Le sacrifice consiste ainsi à manipuler la vie naturelle par l’intermédiaire d’une mort rituelle, à transformer la vie biologique en vie spirituelle. On peut admettre que la trame abrahamique du sacrifice est un processus de fabrication par les hommes de leur propre généalogie, qui reste problématique en dehors du recours à l’alliance. Ainsi articulé, le sacrifice en islam semble simultanément une alliance des hommes et de Dieu et une disjonction sociale entre hommes et femmes, ce qui n’est pas le cas de la conception chrétienne du sacrifice 445 .

Alors que l’on a pu penser que sous l’espèce du monothéisme et en particulier du christianisme, le sacrifice signifiait simultanément une affirmation et une rupture de la parenté initiale des hommes avec les dieux (totémisme), rupture qui devenait synonyme de constitution symbolique du sujet, le sacrifice en islam évoque d’autres ruptures sociales, d’autres modes de la distinction au sein des sociétés musulmanes par le dispositif rituel sacrificiel. Une même logique sous-tend le sacrifice et les rites de séparation de la mère et de l’enfant : sacrifice ibrahimien (lors du pélerinage et pour l’ayd), sacrifice âqiqa lors de la naissance d’un enfant, coupe rituelle des cheveux du nouveau-né, circoncision sont des modalités différentes d’un même travail de rupture (Bonte, 1999b).

Notes
442.

Nous utiliserons l’adjectif « ibrahimien » dans le contexte musulman, et l’adjectif « abrahamique » dans le contexte plus large des religions du Livre.

443.

Aucune de ces deux approches n’est a priori prééminente sur l’autre : la pratique n’est pas le texte. L’intérêt de ces approches comparatives, pour le cas du kourban, est que l’on doit comprendre dans l’intervalle du texte et du contexte ce qui fait sacrifice : interpréter le sacrifice en termes d’alliance ne suffit pas en soi à expliquer ses effets instituants, tant sur un plan strictement dogmatique qu’en termes de réponse rituelle aux problèmes de l’enfantement (aqiqa), de la soumission à Dieu (en général ou lors d’épisodes précis comme le pèlerinage à la Mecque : hady, hadj), ou de commémoration de la geste ibrahimienne (dahiyya, lors de l’ayd al-adhâ ou ayd al-kâbir).
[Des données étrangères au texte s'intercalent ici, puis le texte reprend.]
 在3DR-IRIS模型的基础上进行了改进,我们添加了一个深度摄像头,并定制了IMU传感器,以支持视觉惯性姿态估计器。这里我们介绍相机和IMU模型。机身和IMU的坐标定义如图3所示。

Il ne peut s’agir que du point de départ à un examen anthropologique des multiples formes et implications de cette alliance.

444.

Ce dont témoignent bien les raccourcis opérés par certaines réinterprétations de la geste ibrahimienne, Muhammad étant parfois assimilé à Ibrahim ou à Ismaël, rejouant en tout cas cette geste sur différents modes, par exemple le mode civilisateur en restaurant la Pierre noire de la Kaaba tout comme Ibrahim avait reconstruit la Kaaba...

445.

Le christianisme diffère du modèle abrahamique sur deux points : le pouvoir du père biologique sur son fils (l’alliance précédente, qui se noue entre le père et Dieu par l’intermédiaire sacrificiel du fils) ; le sacrifice comme acte masculin fondateur, rendant les hommes détenteurs du pouvoir spirituel (établissement de la lignée spirituelle) et laissant aux femmes le pouvoir biologique.